What Did Y’All Expect? It’s Called Snow WHITE.

After another week of stormy weather, it was a picture postcard Saturday afternoon in Hollywood yesterday, and it should have been cause for celebration for those attached to Disney.  They were finally premiering, after years of preparation and production and delays which they ascribe to the writer’s strike, a live-action adaptation of the movie that essentially got Walt into the movie business in the first place, SNOW WHITE, this time around relegating the Seven Dwarfs to below the title.  But as THE HOLLYWOOD REPORTER’s tag team of Kirsten Chuba, Ryan Gajewski and Pamela McClintock shared yesterday, the stormy conditions continued at least proverbially:

Snow White premiered in Los Angeles on Saturday with most of the trappings befitting a Disney tentpole: food and candy galore, plenty of Snow White-themed activity stations, and appearances from top brass including CEO Bob Iger and live-action film boss David Greenbaum.

The only thing missing? Most of the red carpet press.  Disney opted for a largely press-free premiere due to complicated situations around both stars Rachel Zegler and Gal Gadot. Both actresses appeared to be high spirits nonetheless, chatting with each other and posing for photos together on the red carpet outside Hollywood’s El Capitan Theatre. Zegler, who stars as the titular princess, and Gadot, who plays the Evil Queen, both participated in on-camera interviews with talent-friendly Disney house crew on the carpet.

Complicated?  That’s an understatement, given the details the troika described a few paragraphs below the usual enthusiastic quotes:

The studio took special precautions with the premiere following years of Snow White backlash, which go back as far as the casting of Zegler – who is of Colombian descent – to play the classically white princess. Zegler also previously criticized the original film as “extremely dated when it comes to the ideas of women being in roles of power,” saying Snow White’s prince “literally stalks her” and noted, “People are making these jokes about ours being the PC Snow White, where it’s like, yeah, it is – because it needed that.” Separately, following President Donald Trump’s win in November, Zegler posted on Instagram, “May Trump supporters and Trump voters and Trump himself never know peace,” and added, “There is a deep deep sickness in this country.” She quickly apologized for her comments.  Gadot has also become a controversial figure due to her public support of Israel, frequently speaking out in support of her native country since the Oct. 7 terror attack by Hamas. 
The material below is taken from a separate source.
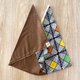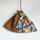 吾妻袋是日本传统袋物之一,由一片布料缝制而成,展开后呈斜角。袋口打结即可作为提把。此款式结合两种和服布料,并内衬加固。重叠处采用锁边缝法。
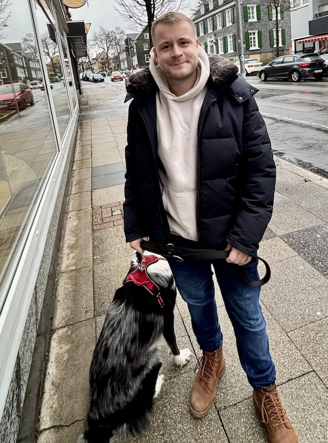 Wenn er nicht gerade beruflich auf Reisen ist, sind Sportjournalist Fabian Breuer und sein Hund Anton unzertrennlich – © Siegfried JähneArtikel über den Königs-Tranfer von Bayern München, die Super-Star Harry Kane von den Tottenham Hotspurts verpflichteten, „liveticker“ in bundesliga.de über das Fußball EM-Finale 2024 und das Champions League Finale Dortmund gegen Real Madrid gehören seither zu Fabian Breuers beindruckenden Referenzen. Seine Vielseitigkeit stellte er auch unter Beweis, als er in lokalen Medien sachkundig über Rollhockey, dem Volkslauf oder über die in Wuppertal geplante BUGA berichtete.

Look, I’m all for people having the desire to express their opinions on subjects they feel passionately about.  Both stars have deep roots and personal skin in these games.  On their own time and watch they are free to think what they choose.  But when you’re cast as leads in a crucial movie for Disney–an iconic FAIRY tale–you are immediately being cast into the role of employee and evangelist.  You’re close enough to the folks who make decisions to have access to hard data that conclusively shows the demography of who makes up Disney’s core audience for an 88-year-old IP.  Of who is more likely to drop hundreds of dollats in a central Florida theme park on merchandise and a revisiting to Snow White’s castle.  The inconveinent truth is that that audience is disproportionately white, upscale and traditional.  And in this polarized landscape, observations about a president that far too many folks in that demographic somehow believe is the modern day Cyrus are just not necessary.
In fairness, this is a project that arose during an era where Disney creatives appeared hell-bent on force-feeding diversity into their IP.  We know where both the mood of the company and the country have gone since then.  If you’ve spent any time in an executive suite, you’d know these are hard choices and it’s far less personal than you might want to believe.  But even before the current administration and enabling took place, this was a movie that was having issues, as Wikipedia reminds:

The teaser trailer for Snow White was released on YouTube in August 2024 and became the most disliked teaser for a film trailer on the platform, garnering an estimated nearly one million dislikes and over 82,000 likes within three weeks, according to available data from browser extensions that display an approximation of YouTube dislikes.[64][65]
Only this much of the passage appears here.